Jeffrey N Harr, MD, MPH, Jeremy Holzmacher, MD, Benjamin Biteman, MD, Fred Brody, MD, MBA. The George Washington University
INTRODUCTION – A lateral pancreaticojejunostomy, also known as the Puestow procedure, is a complex surgery performed for symptomatic chronic pancreatitis with a dilated pancreatic duct. An open approach is traditionally used due to the complexity of the case, and there have only been a handful of laparoscopic case reports published.
METHODS AND PROCEDURES – We present a laparoscopic lateral pancreaticojejunostomy in a 45-year old gentleman with chronic pancreatitis. A computed tomography scan revealed multiple calcified deposits within the pancreas, and a dilated pancreatic duct measuring 1.4 cm with a proximal obstructing calcified stone. A 5-port foregut technique was used, and a 15 cm ductotomy was performed with an ultrasonic scalpel. Calcified stones were cleared from the duct, and a roux-en-y pancreaticojejunostomy was performed using a hand-sewn technique. The jejunojejunostomy was completed using a stapled technique.

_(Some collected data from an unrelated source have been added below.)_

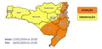 Nesta quarta-feira (17) e quinta-feira (18), o processo de formação de uma baixa pressão favorece temporais acompanhados de raios e rajadas de vento na maior parte do estado de Santa Catarina, destacando as áreas do Grande Oeste ao norte do estado.
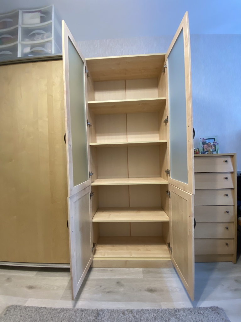 Шкаф мечты наконец-то и у меня. Отличный просто, никаких недочётов Выбирала с доводчиками и бронз.стеклом. Цвет дуб сонома.Привезли быстро, собирается легко и надёжно.Идеальный.Внизу можно хранить ящик с инструментами и швейную машинку.На фото петли ещё не регулированы, но сейчас всё ок, без щелей
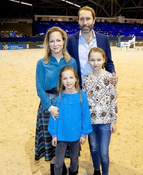 Naast sieraden ontwerpen heeft ze nog een enorme passie: de springsport. Ze is bestuurslid van Jumping Amsterdam, een springruiterevenement. Hier zie je haar tijdens Jumping Amsterdam, mét man en dochters. Mooi familiekiekje!
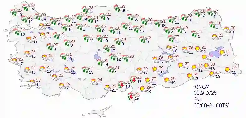 30 EYLÜL SALI HAVA NASIL OLACAK?
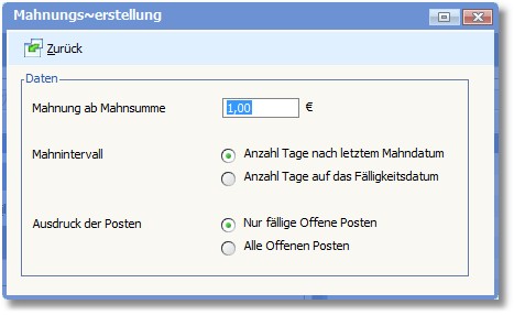Hier wird durch Aktivierung der entsprechenden Option festgelegt, welche "Offenen Posten" gemahnt werden sollen:

RESULTS – The patient had a relatively uncomplicated hospital course. He developed a postoperative ileus, but had return of bowel function on postoperative day 4. He was discharged home on postoperative day 5. On 12-month follow-up, he remains off narcotics, but still requires 1-2 tabs of pancreatic enzyme replacement per meal.
CONCULUSION – A laparoscopic lateral pancreaticojejunostomy is an effective approach in appropriate patients with few complications and a short hospital course.